:: Stored data

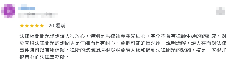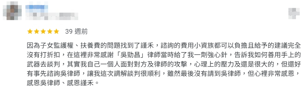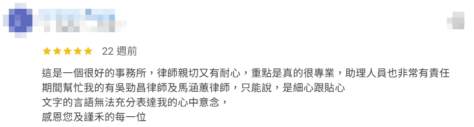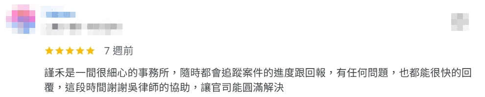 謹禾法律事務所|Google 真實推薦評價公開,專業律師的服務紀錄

::::
:: Stored data

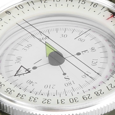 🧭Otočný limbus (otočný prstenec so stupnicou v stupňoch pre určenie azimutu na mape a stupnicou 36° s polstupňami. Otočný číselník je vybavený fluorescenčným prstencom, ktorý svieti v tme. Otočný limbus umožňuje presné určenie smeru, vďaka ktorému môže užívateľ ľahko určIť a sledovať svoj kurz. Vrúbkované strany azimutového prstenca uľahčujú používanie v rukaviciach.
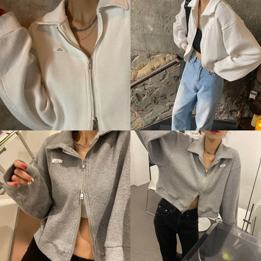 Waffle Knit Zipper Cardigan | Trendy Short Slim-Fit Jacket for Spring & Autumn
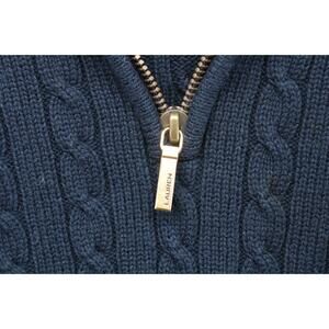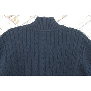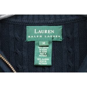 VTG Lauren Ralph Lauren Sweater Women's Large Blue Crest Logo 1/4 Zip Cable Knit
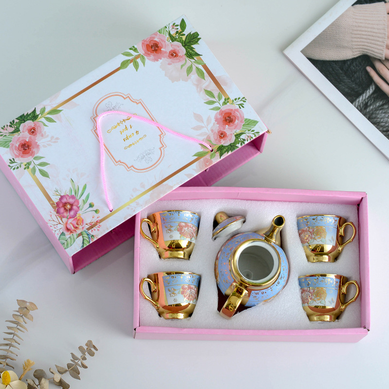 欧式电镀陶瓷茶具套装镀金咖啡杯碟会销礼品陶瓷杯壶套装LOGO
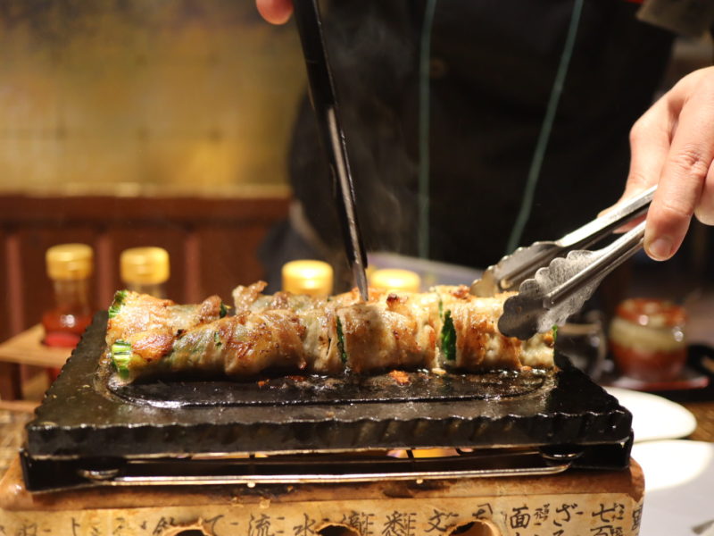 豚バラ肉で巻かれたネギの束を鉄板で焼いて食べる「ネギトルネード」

::::

◆ **What is expected**: Transcribe, from the material above, the stretch starting at the line with "VTG Lauren Ralph" and ending at the line with "豚バラ肉で巻かれたネギの束を鉄板で焼いて食べる「ネギトルネード」", both included, exactly. Do not carry over pictures.

◆ **Written answer**:
 VTG Lauren Ralph Lauren Sweater Women's Large Blue Crest Logo 1/4 Zip Cable Knit
 欧式电镀陶瓷茶具套装镀金咖啡杯碟会销礼品陶瓷杯壶套装LOGO
 豚バラ肉で巻かれたネギの束を鉄板で焼いて食べる「ネギトルネード」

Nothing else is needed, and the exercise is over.